Mit zunehmendem Alter nimmt die Größe und auch das Gewicht zu, so dass eine positive Beziehung zu bestehen scheint. Mit anderen Worten, es besteht eine positive Korrelation zwischen Größe und Alter. Ferner beobachtete Sanjeev, dass das Gewicht schwankt und nicht stabil ist; es konnte entweder geringfügig zunehmen oder abnehmen, aber er beobachtete eine positive Beziehung zwischen Größe und Gewicht; Das heißt, wenn die Größe zunimmt, nimmt auch das Gewicht tendenziell zu.

So beobachtete er hier zwei entscheidende Zusammenhänge, mit zunehmendem Alter und zunehmendem Gewicht. Daher tragen alle drei eine positive Korrelation.

Beispiel 2

John freut sich auf die Sommerferien. Seine Eltern sind jedoch besorgt, da der Teenager zu Hause sitzen und Spiele auf dem Handy spielen und die Klimaanlage die ganze Zeit einschalten würde. Die notierten die verschiedenen Temperaturen und die Einheiten, die sie im letzten Jahr verbraucht hatten, und fanden interessante Daten, und sie wollten ihre bevorstehende Mai-Monatsrechnung vorwegnehmen, und sie erwarten, dass die Temperatur nahe 40 ° C liegt, aber sie wollen wissen, dass sie da ist Gibt es einen Zusammenhang zwischen Temperatur und Stromrechnung?
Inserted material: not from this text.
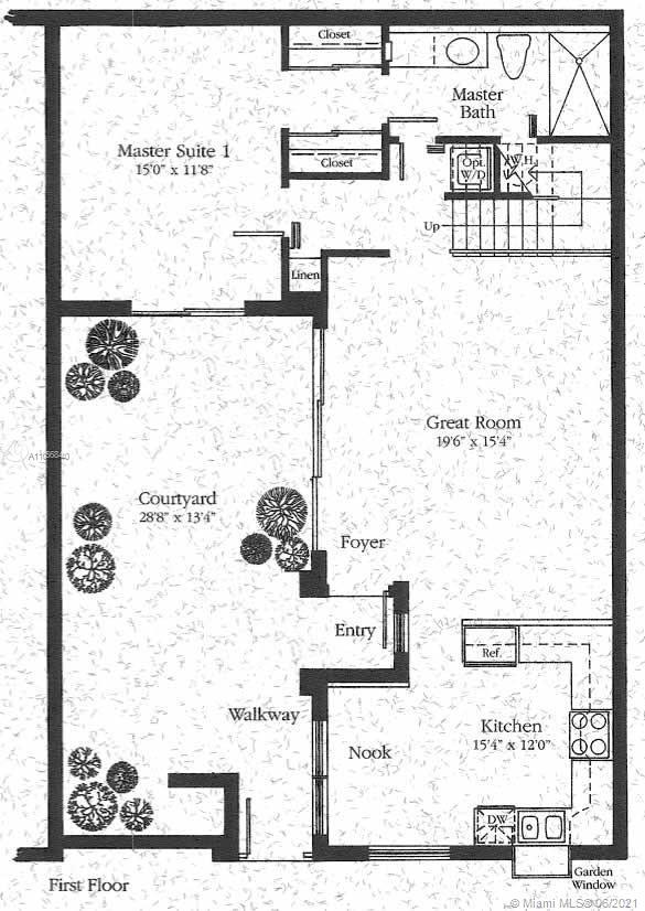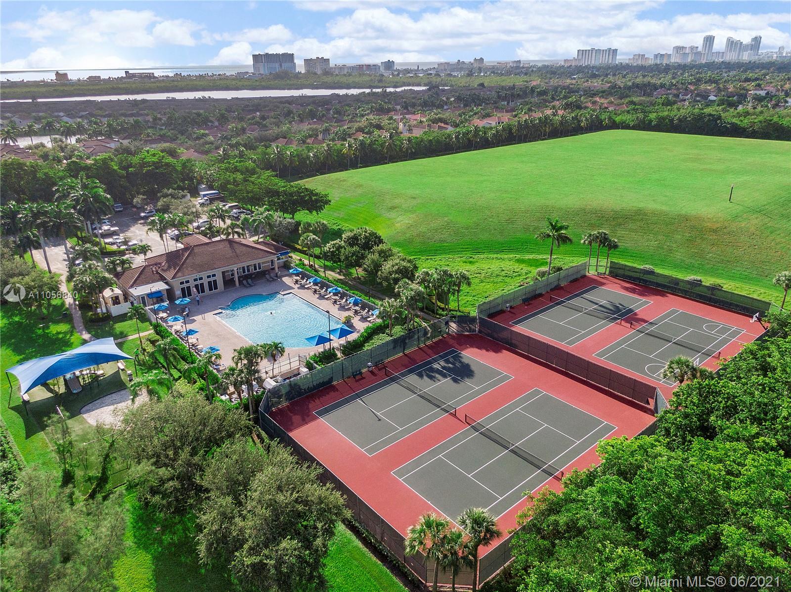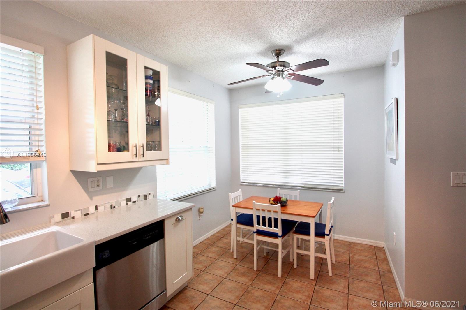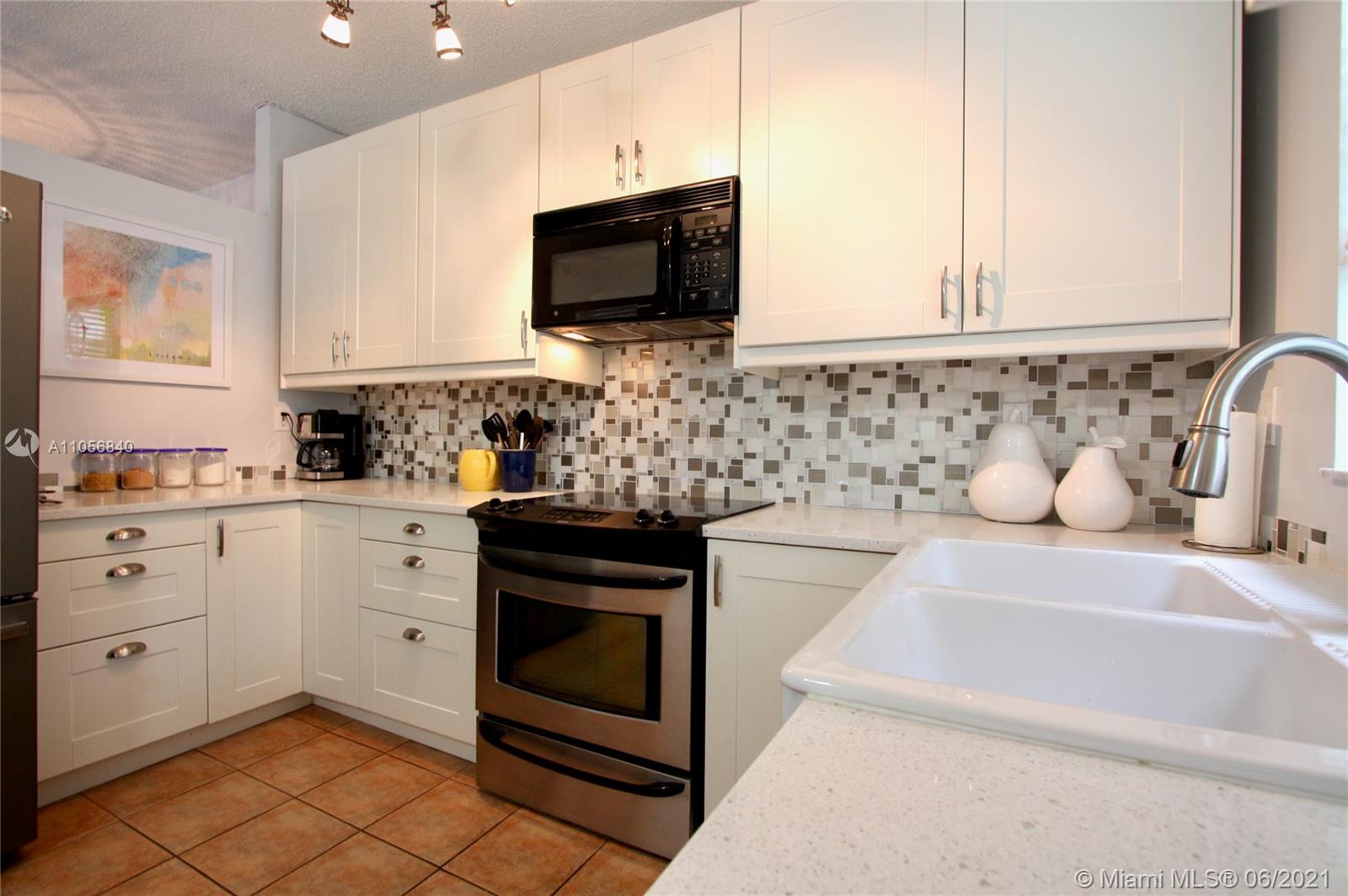 Beautiful townhome in gated community near beach & Downtown Hollywood is move-in ready. The eat-in kitchen has been upgraded with tall, white cabinets, quartz counters, new appliances and a porcelain farmhouse sink. Two primary suites, one downstairs and one upstairs. Upstairs suite has a vaulted ceiling, ceiling fan and a huge walk-in closet. Upstairs primary bath has separate shower and soaking tub. First floor has tile and second floor and stairs is wood-look vinyl. Stack washer & dryer. Tankless hot water heater. Large courtyard for barbecuing and entertaining. Full set of accordian hurricane shutters. New roof! New gutters. West Lake Village has tennis, heated pool, Jacuzzi, exercise room, clubhouse, kids play area & security. Low HOA fee. Tree-lined street. Close to guest parking.
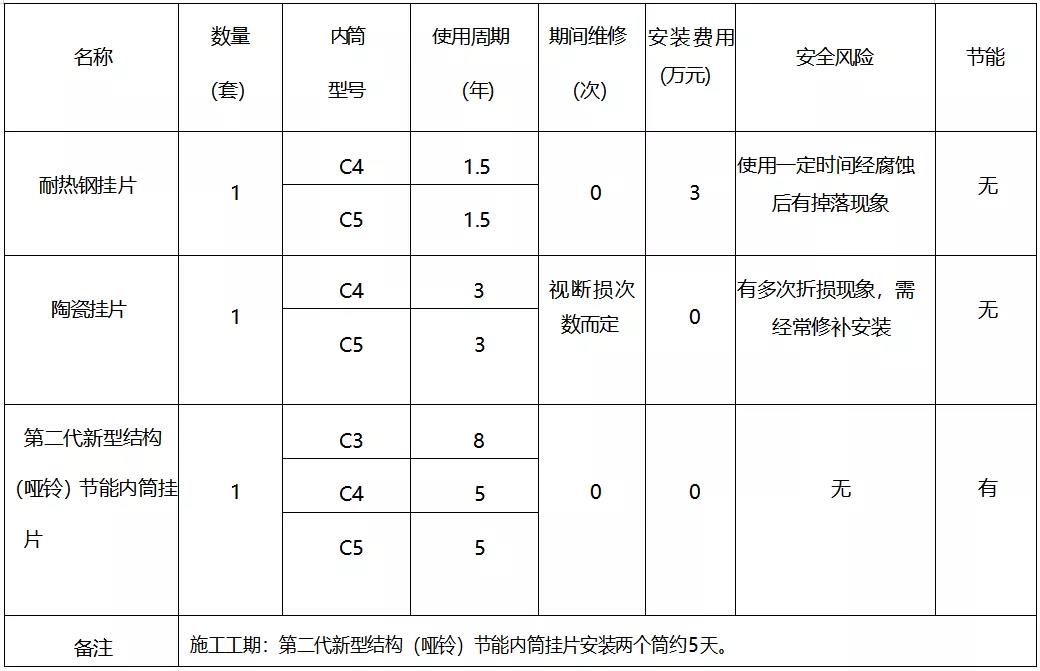 3、第二代新型結(jié)構(gòu)(啞鈴)節(jié)能內(nèi)筒掛片:采用金屬陶瓷構(gòu)架,經(jīng)內(nèi)外特種澆注料壓制及1400℃高溫?zé)贫桑J褂们闆r下 C4、C5 內(nèi)筒質(zhì)保五年,C4實(shí)際壽命大于七年、C5實(shí)際壽命大于六年以上期間無需任何維修,具有密封性能好、耐磨性能強(qiáng)、耐高溫、耐腐蝕,且抗沖擊能力強(qiáng)、降低負(fù)壓有明顯的效果。

Temperatur (in o C) Verbrauchte Einheiten Stromrechnung (in Rs)
24 80 2.490,00
27 82 2.550,00
30 84 2.610,00
31 101 3.170,00
34 110 3.890,00
35 115 4.290,00
38 140 6.390,00
40 142 6.441,00
42 156 7.155,00
45 157 7.206,00

Lösung:

Lassen Sie uns dies auch anhand eines Diagramms analysieren.

Wir haben Stromrechnungen und Temperaturen aufgezeichnet und ihre verschiedenen Punkte notiert. Es scheint eine Korrelation zwischen der Temperatur und der Stromrechnung zu geben, wenn die Temperatur kalt ist und die Stromrechnung unter Kontrolle ist. Dies ist sinnvoll, da die Familie weniger Klimaanlagen verbrauchen würde und wenn die Temperatur steigt, Luft verbraucht wird Unter der Bedingung würde der Geysir zunehmen, was sie mit höheren Kosten treffen würde, was aus der obigen Grafik hervorgeht, in der die Stromrechnung stark steigt.

Wir können also schließen, dass es keine lineare Beziehung gibt, aber ja, es gibt eine positive Korrelation. Daher kann die Familie für Mai erneut einen Rechnungsbetrag im Bereich von 6400 bis 7000 erwarten.

Beispiel 3

Tom hat ein neues Catering-Unternehmen gegründet, in dem er zunächst die Kosten für die Herstellung eines Sandwichs und den Preis für den Verkauf analysiert. Er hat die folgenden Informationen gesammelt, nachdem er mit verschiedenen Köchen gesprochen hat, die derzeit das Sandwich verkaufen.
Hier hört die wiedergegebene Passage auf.